**Your goal:**
Among the lines below, restate word for word only those from the line with "6年生は社会科見学で大阪府議" through the line with "the sea on a", with both end lines kept.

**Source records:**
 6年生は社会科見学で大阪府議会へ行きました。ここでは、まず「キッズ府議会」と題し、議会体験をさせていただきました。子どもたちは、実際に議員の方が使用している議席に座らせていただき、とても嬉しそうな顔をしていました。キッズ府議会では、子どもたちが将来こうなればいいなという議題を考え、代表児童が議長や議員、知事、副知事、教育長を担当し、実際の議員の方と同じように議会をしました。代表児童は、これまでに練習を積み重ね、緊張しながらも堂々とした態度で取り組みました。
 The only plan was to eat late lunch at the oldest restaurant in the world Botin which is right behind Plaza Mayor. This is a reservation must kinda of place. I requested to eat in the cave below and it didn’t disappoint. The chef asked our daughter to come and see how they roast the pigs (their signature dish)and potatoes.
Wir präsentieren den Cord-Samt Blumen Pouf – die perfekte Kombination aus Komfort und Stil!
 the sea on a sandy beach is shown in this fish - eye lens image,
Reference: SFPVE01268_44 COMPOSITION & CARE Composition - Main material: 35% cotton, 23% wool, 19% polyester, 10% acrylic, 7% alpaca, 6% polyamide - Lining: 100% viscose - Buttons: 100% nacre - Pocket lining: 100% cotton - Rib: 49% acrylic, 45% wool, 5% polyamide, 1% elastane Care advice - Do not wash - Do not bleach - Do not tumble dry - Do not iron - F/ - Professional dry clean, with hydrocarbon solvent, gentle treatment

...

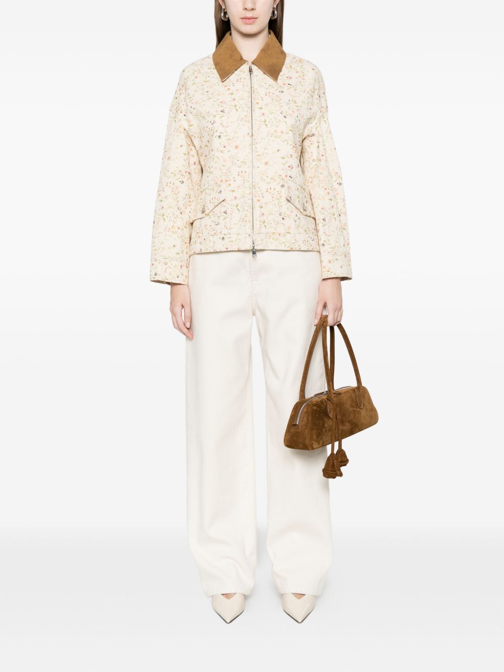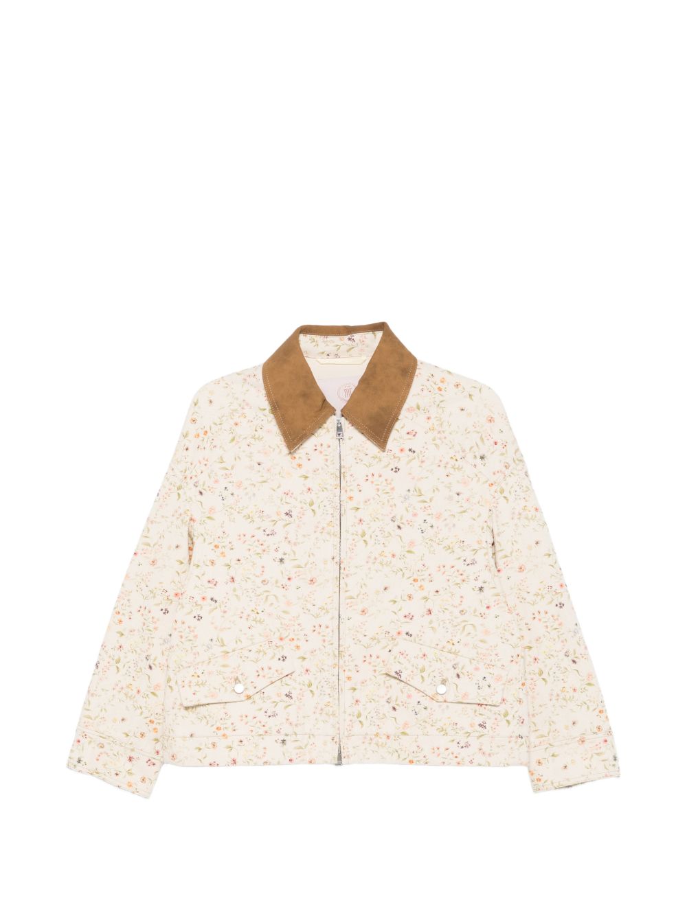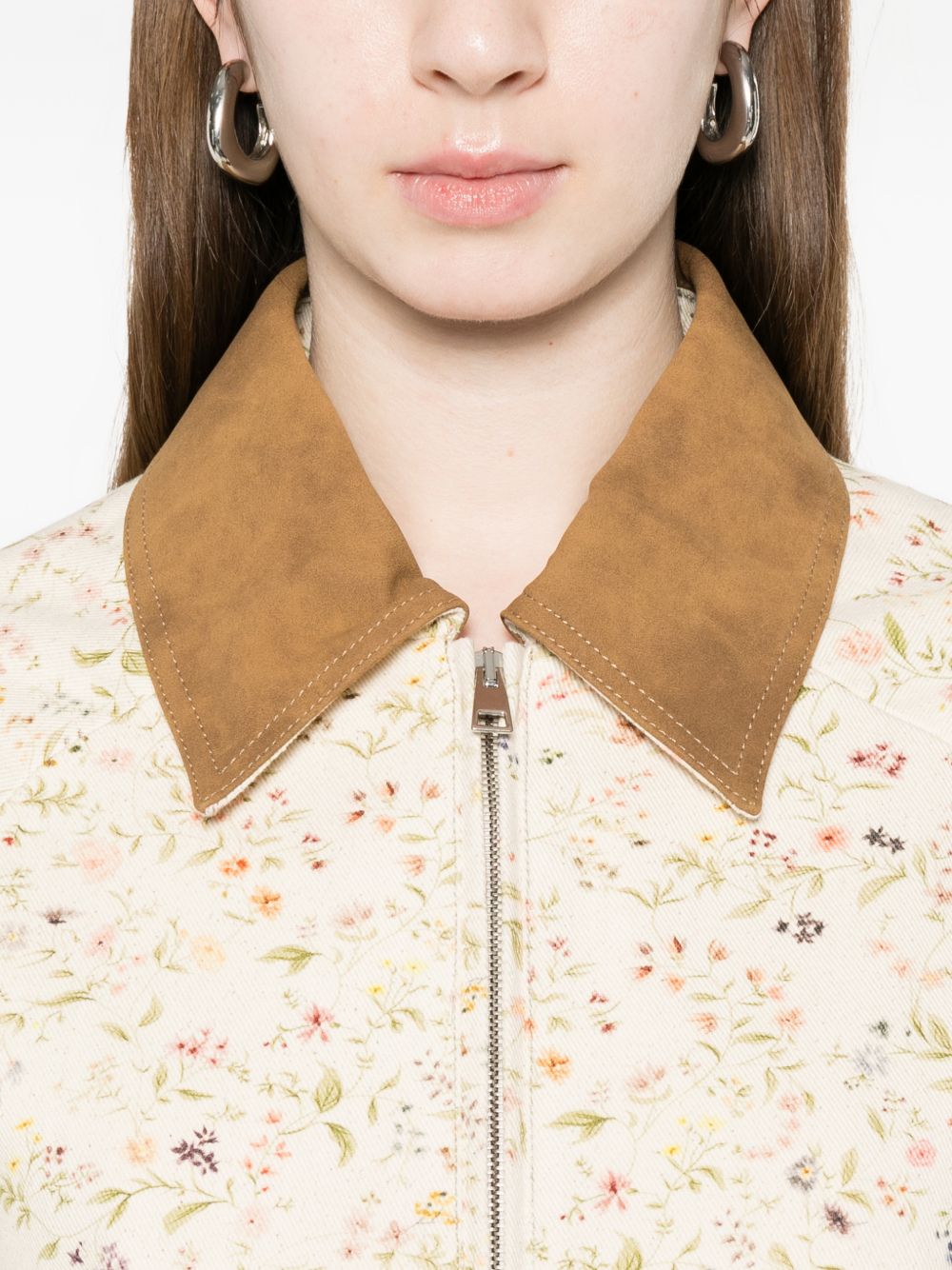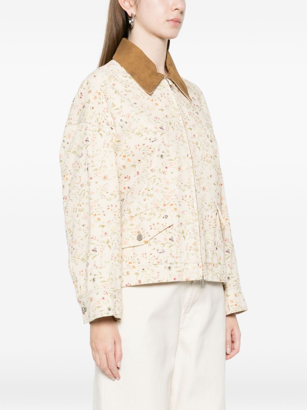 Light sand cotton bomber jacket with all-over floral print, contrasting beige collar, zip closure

**Solution to this exercise:**
 6年生は社会科見学で大阪府議会へ行きました。ここでは、まず「キッズ府議会」と題し、議会体験をさせていただきました。子どもたちは、実際に議員の方が使用している議席に座らせていただき、とても嬉しそうな顔をしていました。キッズ府議会では、子どもたちが将来こうなればいいなという議題を考え、代表児童が議長や議員、知事、副知事、教育長を担当し、実際の議員の方と同じように議会をしました。代表児童は、これまでに練習を積み重ね、緊張しながらも堂々とした態度で取り組みました。
 The only plan was to eat late lunch at the oldest restaurant in the world Botin which is right behind Plaza Mayor. This is a reservation must kinda of place. I requested to eat in the cave below and it didn’t disappoint. The chef asked our daughter to come and see how they roast the pigs (their signature dish)and potatoes.
Wir präsentieren den Cord-Samt Blumen Pouf – die perfekte Kombination aus Komfort und Stil!
 the sea on a sandy beach is shown in this fish - eye lens image,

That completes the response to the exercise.